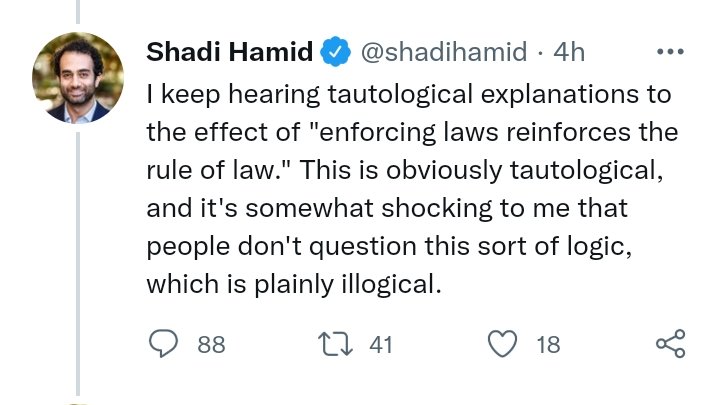 This isn't a tautology, you're just leaving out the part where the legitimacy of law depends on the law being applied equally to all. The fact that Trumpists don't accept that isn't an argument against law, it's an argument against them.
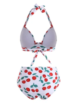 Style: Fashion Swimwear Type: Bikini Gender: For Women Material: Polyester,Spandex Bra Style: Padded Support Type: Wire Free Neckline: Halter Pattern Type: Cherry Embellishment: Ruched,Tie Waist: High Waisted Elasticity: Elastic Season: Summer Weight: 0.2050kg Package Contents: 1 x Bra 1 x Briefs
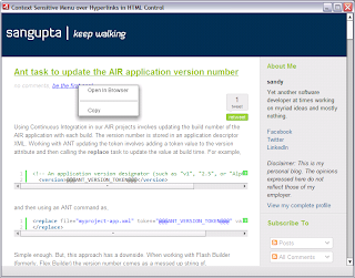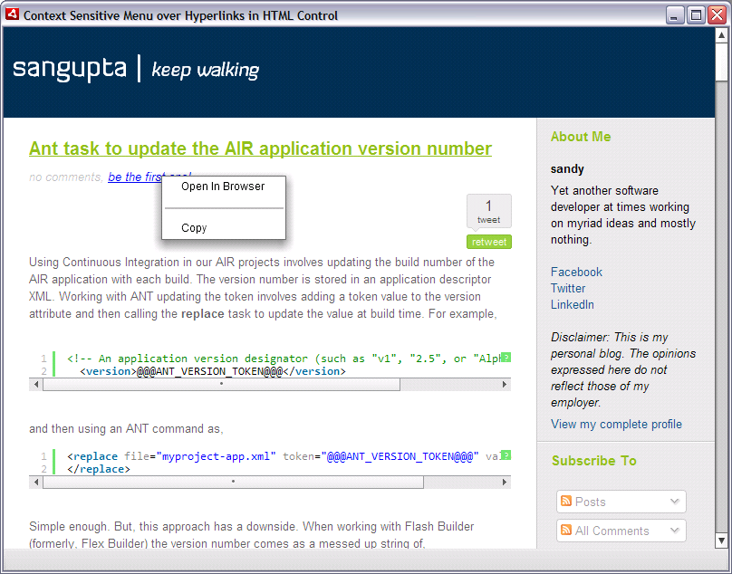 In this post we will try and look on how to add a custom context-sensitive menu on hyperlinks present in an HTML page loaded inside an AIR HTML control. We would two menu options called, ‘Open link in Browser’ and ‘Copy Link’ to the context-sensitive menu. To achieve the same adopt the following procedure,
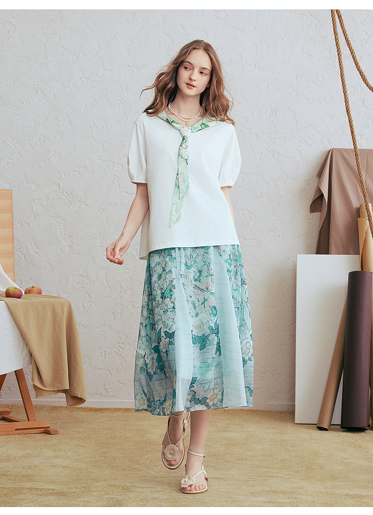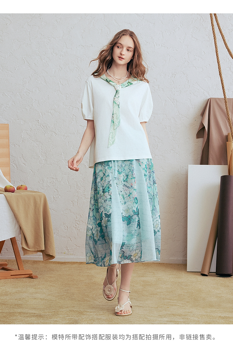 两三事 遁入花境 2025春季新款休闲拼色插肩袖印花刺绣t恤女宽松S25CT444
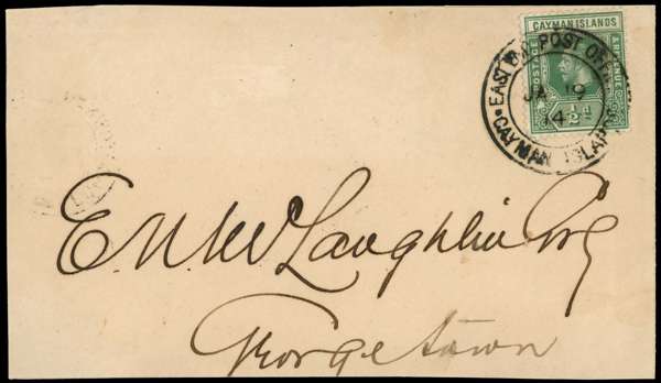 1914 East End (type 2, 19 JA 1914) on ½d rated local cover addressed to Georgetown (½d KGV issue), reduced at left and top, Boddentown cds (20 JA 1914) and Georgetown arrival cds (21 JA 1914) on reverse, ex Watkin, Edmondsen, scarce cancel
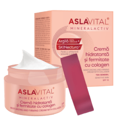 Natural oils (squalane, olive oil), Aquaxyl and SepiliftTM DPHP hydrating complex play an important role in increasing hydration and restoring the skin’s protective barrier. The intake of Collagen and Marine Elastin hydrates in depth and contributes to the restructuring of the extracellular matrix that supports the architecture of the dermis, mitigates wrinkles, supports the improvement of skin elasticity and firmness. The SKINectura™ extract, nicknamed “Flowers nectar for a young skin”, contains the glycoprotein Tenascin X with an anti-wrinkle and restructuring of the dermis architecture, increasing firmness and preventing skin sagging role. Natural clay from the Pădurea Craiului Mountains, together with solar filters, ferulic acid and vitamin E, prevent wrinkles, protect against oxidative stress generated by ultraviolet radiation and pollution. Apply in the morning, on the face, neck and bustline, after cleansing.
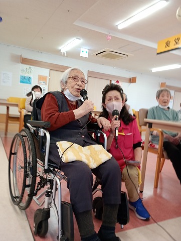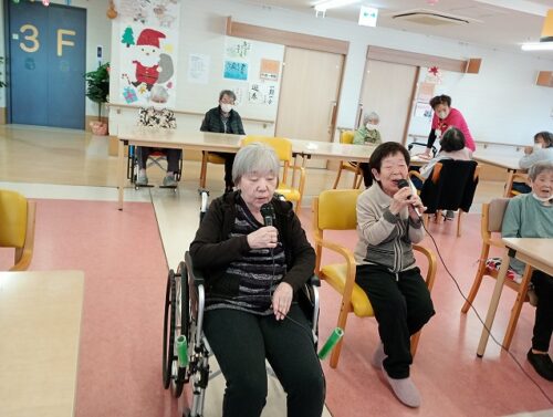 朝から入居者様同士「今日カラオケだな」と声掛けしてフロアに集まってきてくださります。
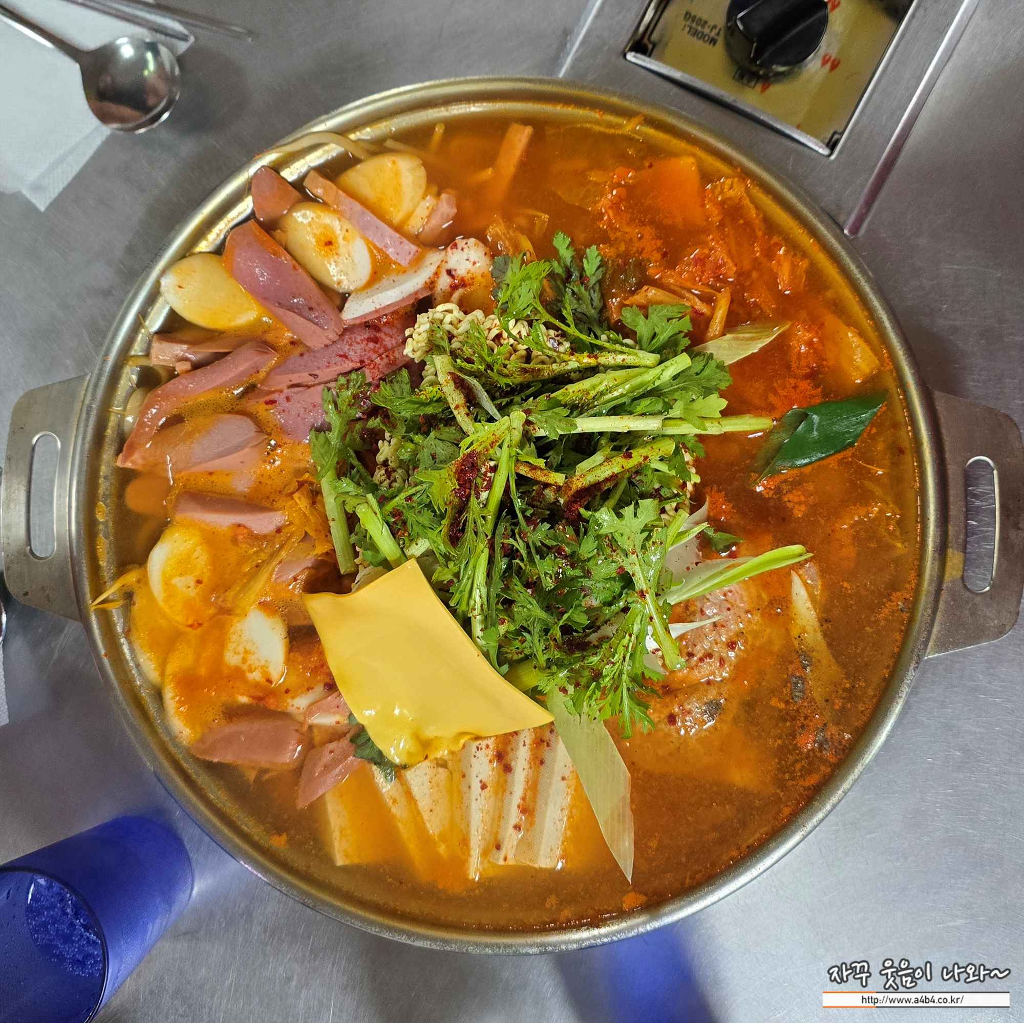 강동구청역 맛집 통큰양푼이찌개 본점 부대찌개 사리는 두부사리와 라면사리,치즈가 기본으로 나오네요.

========================

Directions:
Quote every line of the records above exactly; no picture is to be copied.

Output:
 This isn't a tautology, you're just leaving out the part where the legitimacy of law depends on the law being applied equally to all. The fact that Trumpists don't accept that isn't an argument against law, it's an argument against them.
 Style: Fashion Swimwear Type: Bikini Gender: For Women Material: Polyester,Spandex Bra Style: Padded Support Type: Wire Free Neckline: Halter Pattern Type: Cherry Embellishment: Ruched,Tie Waist: High Waisted Elasticity: Elastic Season: Summer Weight: 0.2050kg Package Contents: 1 x Bra 1 x Briefs
 In this post we will try and look on how to add a custom context-sensitive menu on hyperlinks present in an HTML page loaded inside an AIR HTML control. We would two menu options called, ‘Open link in Browser’ and ‘Copy Link’ to the context-sensitive menu. To achieve the same adopt the following procedure,
 两三事 遁入花境 2025春季新款休闲拼色插肩袖印花刺绣t恤女宽松S25CT444
 1914 East End (type 2, 19 JA 1914) on ½d rated local cover addressed to Georgetown (½d KGV issue), reduced at left and top, Boddentown cds (20 JA 1914) and Georgetown arrival cds (21 JA 1914) on reverse, ex Watkin, Edmondsen, scarce cancel
 Natural oils (squalane, olive oil), Aquaxyl and SepiliftTM DPHP hydrating complex play an important role in increasing hydration and restoring the skin’s protective barrier. The intake of Collagen and Marine Elastin hydrates in depth and contributes to the restructuring of the extracellular matrix that supports the architecture of the dermis, mitigates wrinkles, supports the improvement of skin elasticity and firmness. The SKINectura™ extract, nicknamed “Flowers nectar for a young skin”, contains the glycoprotein Tenascin X with an anti-wrinkle and restructuring of the dermis architecture, increasing firmness and preventing skin sagging role. Natural clay from the Pădurea Craiului Mountains, together with solar filters, ferulic acid and vitamin E, prevent wrinkles, protect against oxidative stress generated by ultraviolet radiation and pollution. Apply in the morning, on the face, neck and bustline, after cleansing.
 朝から入居者様同士「今日カラオケだな」と声掛けしてフロアに集まってきてくださります。
 강동구청역 맛집 통큰양푼이찌개 본점 부대찌개 사리는 두부사리와 라면사리,치즈가 기본으로 나오네요.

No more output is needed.